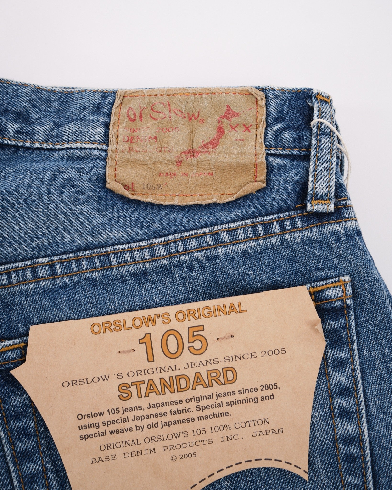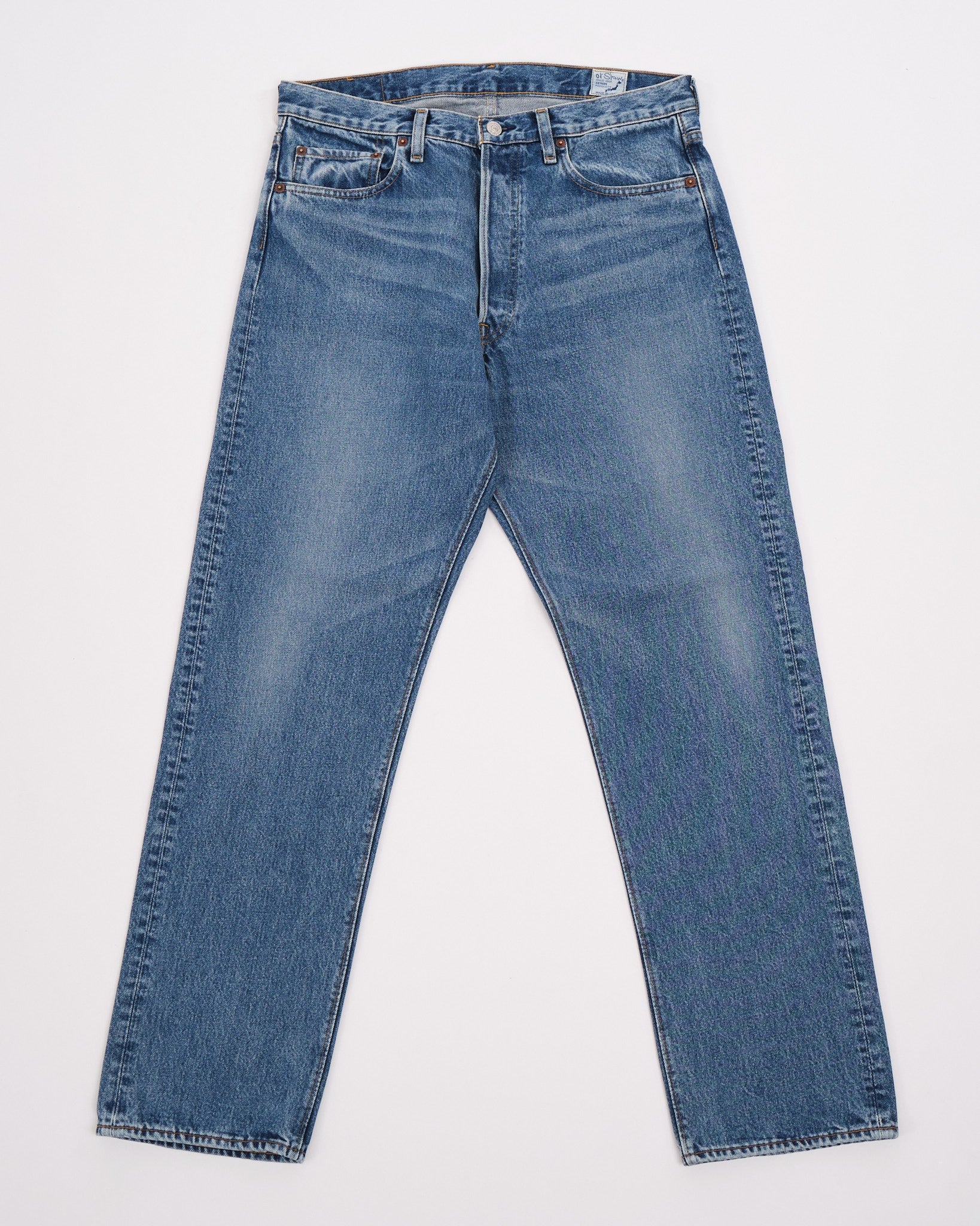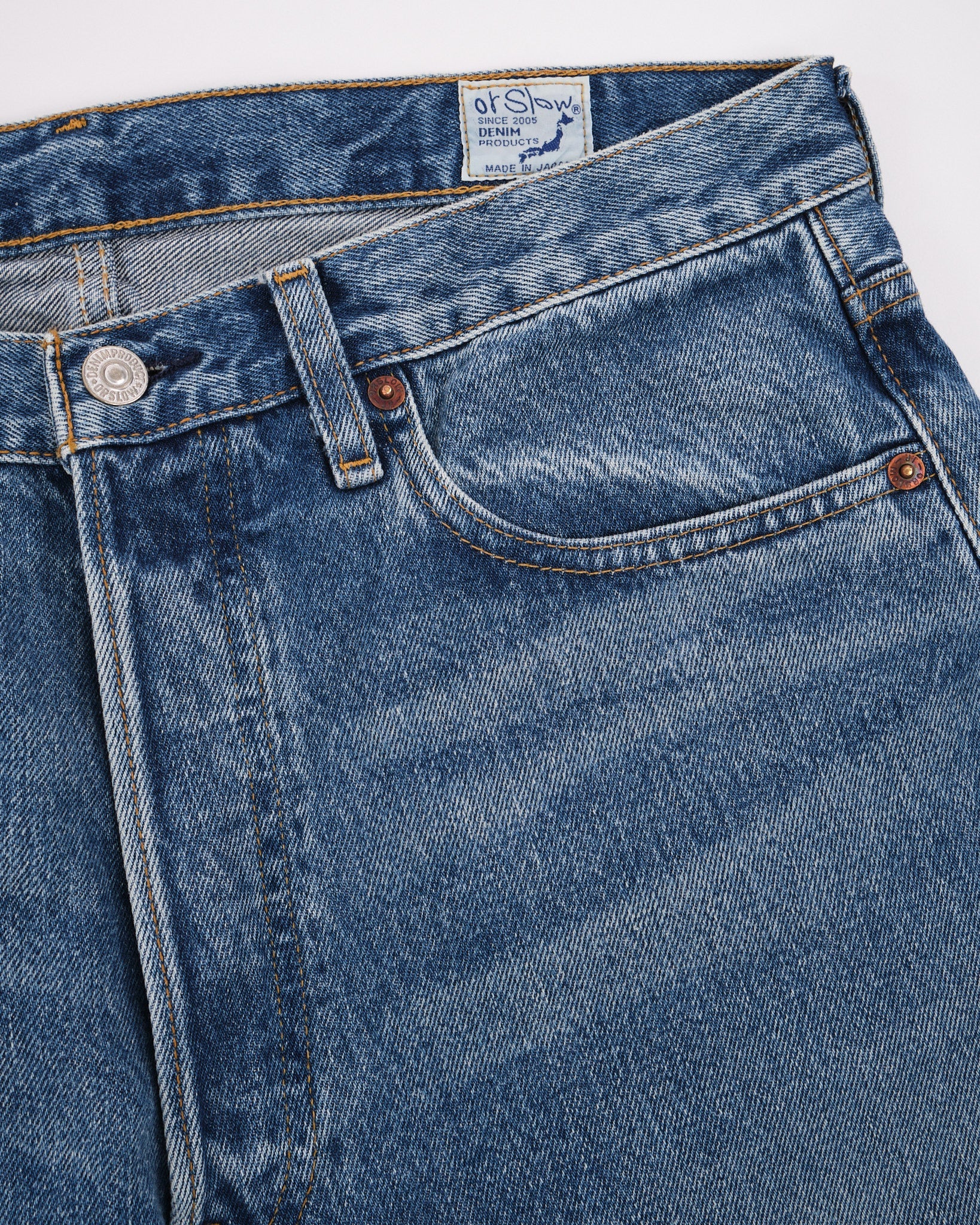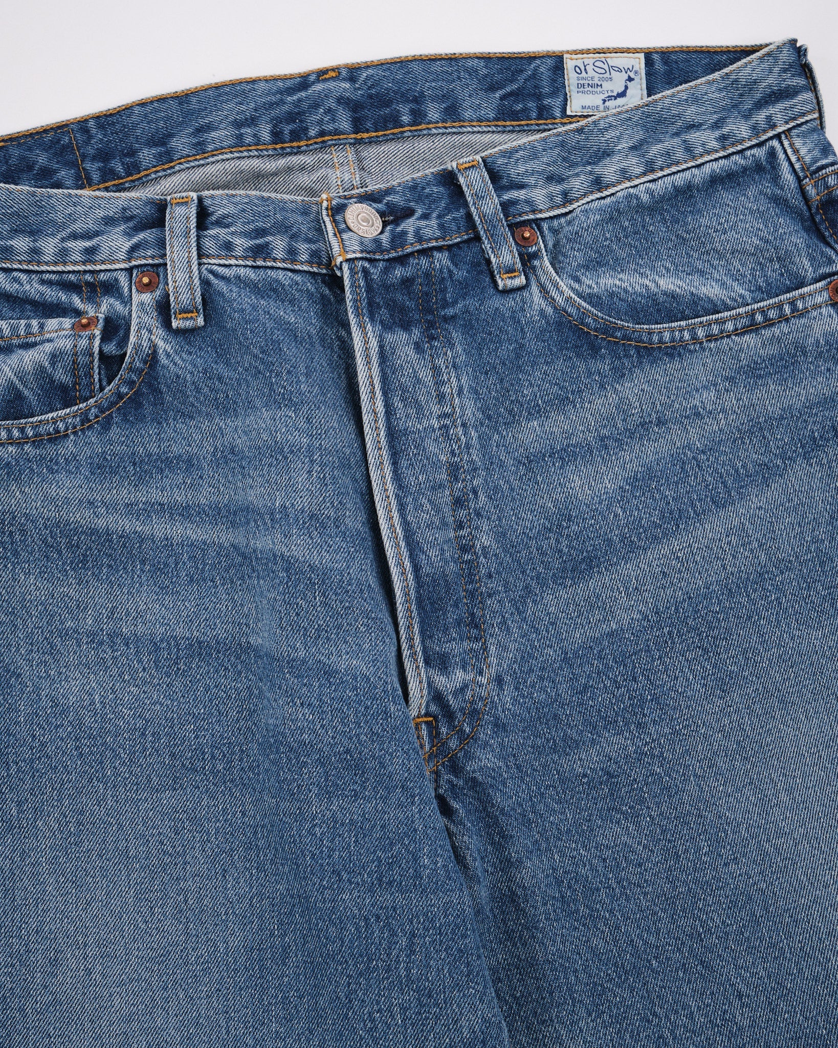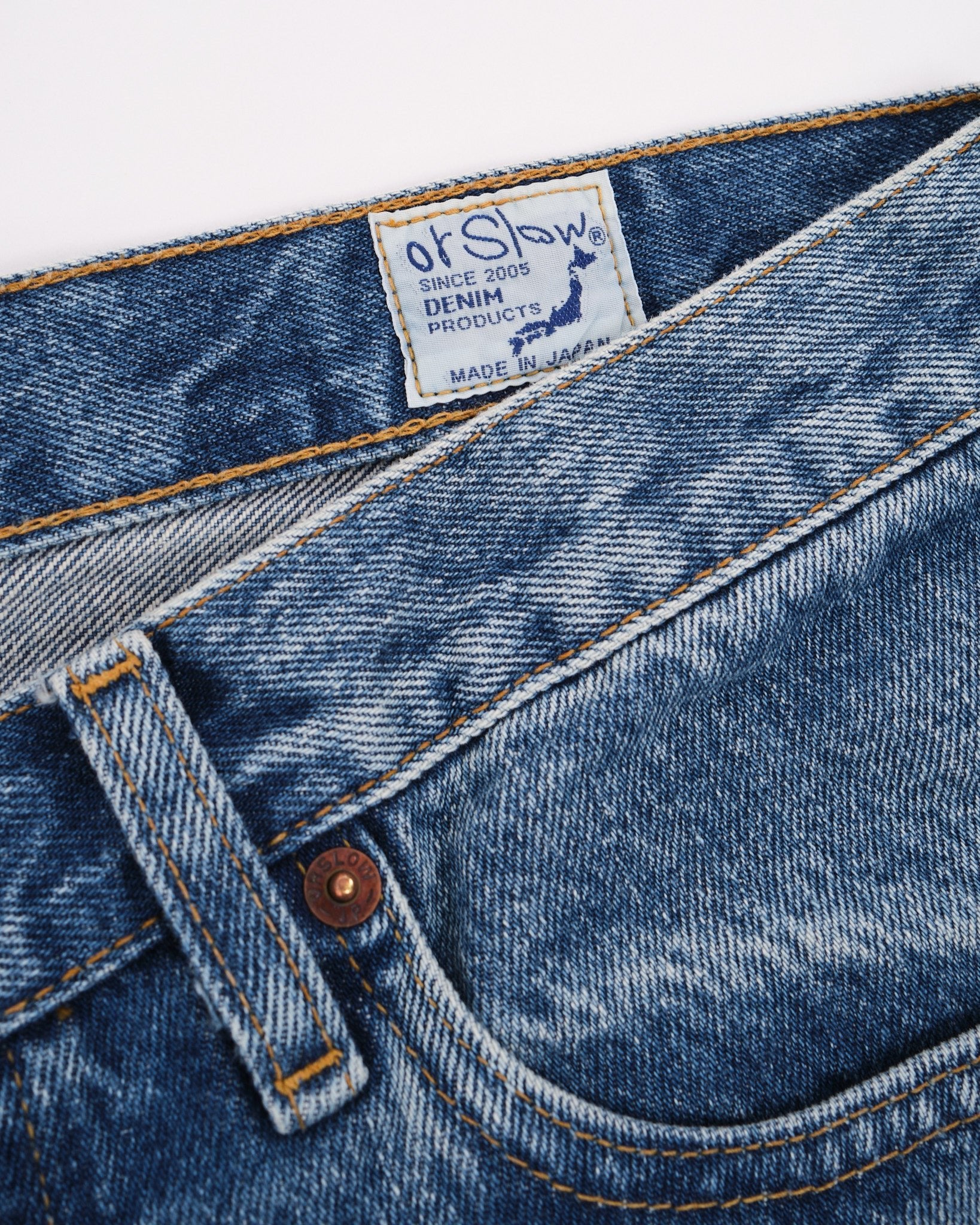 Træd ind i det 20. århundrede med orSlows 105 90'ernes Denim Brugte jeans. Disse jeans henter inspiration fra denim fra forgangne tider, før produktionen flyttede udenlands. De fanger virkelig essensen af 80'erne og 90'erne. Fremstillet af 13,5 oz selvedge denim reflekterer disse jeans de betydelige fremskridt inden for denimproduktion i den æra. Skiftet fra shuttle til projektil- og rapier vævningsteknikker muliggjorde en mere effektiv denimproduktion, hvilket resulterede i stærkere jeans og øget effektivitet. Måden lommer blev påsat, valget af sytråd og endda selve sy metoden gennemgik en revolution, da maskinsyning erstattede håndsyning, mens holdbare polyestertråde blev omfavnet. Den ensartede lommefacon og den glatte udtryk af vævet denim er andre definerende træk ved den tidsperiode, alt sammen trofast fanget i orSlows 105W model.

* * *

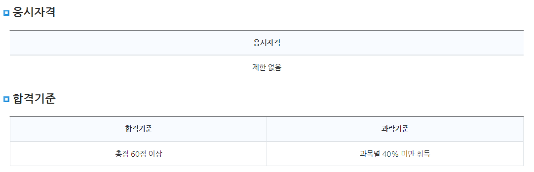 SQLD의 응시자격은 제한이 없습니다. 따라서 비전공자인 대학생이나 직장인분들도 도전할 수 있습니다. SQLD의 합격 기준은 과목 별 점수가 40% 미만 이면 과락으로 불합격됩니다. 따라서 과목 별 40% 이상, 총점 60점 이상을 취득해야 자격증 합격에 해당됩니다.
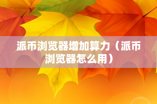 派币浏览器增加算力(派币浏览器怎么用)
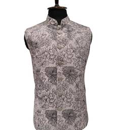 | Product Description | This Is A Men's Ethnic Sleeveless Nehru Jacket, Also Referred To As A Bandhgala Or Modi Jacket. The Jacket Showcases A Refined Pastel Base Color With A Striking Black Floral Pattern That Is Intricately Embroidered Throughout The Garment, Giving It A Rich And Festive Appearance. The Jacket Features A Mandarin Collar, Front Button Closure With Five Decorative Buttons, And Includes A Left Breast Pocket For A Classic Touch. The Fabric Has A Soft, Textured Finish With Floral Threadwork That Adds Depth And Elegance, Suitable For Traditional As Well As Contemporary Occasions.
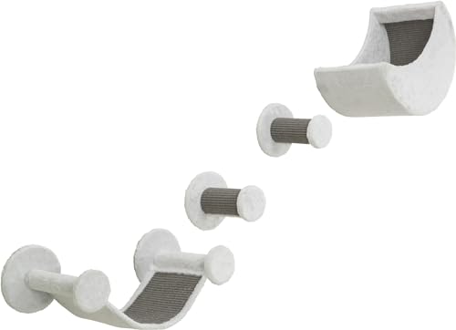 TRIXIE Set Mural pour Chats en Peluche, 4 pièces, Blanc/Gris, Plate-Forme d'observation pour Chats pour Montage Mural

#### What needs to be done
Please return the data above exactly as it stands from the line with "SQLD의 응시자격은 제한이" to the line with "TRIXIE Set Mural", keeping both of those lines but none of the pictures.

#### Result for this exercise
 SQLD의 응시자격은 제한이 없습니다. 따라서 비전공자인 대학생이나 직장인분들도 도전할 수 있습니다. SQLD의 합격 기준은 과목 별 점수가 40% 미만 이면 과락으로 불합격됩니다. 따라서 과목 별 40% 이상, 총점 60점 이상을 취득해야 자격증 합격에 해당됩니다.
 派币浏览器增加算力(派币浏览器怎么用)
 | Product Description | This Is A Men's Ethnic Sleeveless Nehru Jacket, Also Referred To As A Bandhgala Or Modi Jacket. The Jacket Showcases A Refined Pastel Base Color With A Striking Black Floral Pattern That Is Intricately Embroidered Throughout The Garment, Giving It A Rich And Festive Appearance. The Jacket Features A Mandarin Collar, Front Button Closure With Five Decorative Buttons, And Includes A Left Breast Pocket For A Classic Touch. The Fabric Has A Soft, Textured Finish With Floral Threadwork That Adds Depth And Elegance, Suitable For Traditional As Well As Contemporary Occasions.
 TRIXIE Set Mural pour Chats en Peluche, 4 pièces, Blanc/Gris, Plate-Forme d'observation pour Chats pour Montage Mural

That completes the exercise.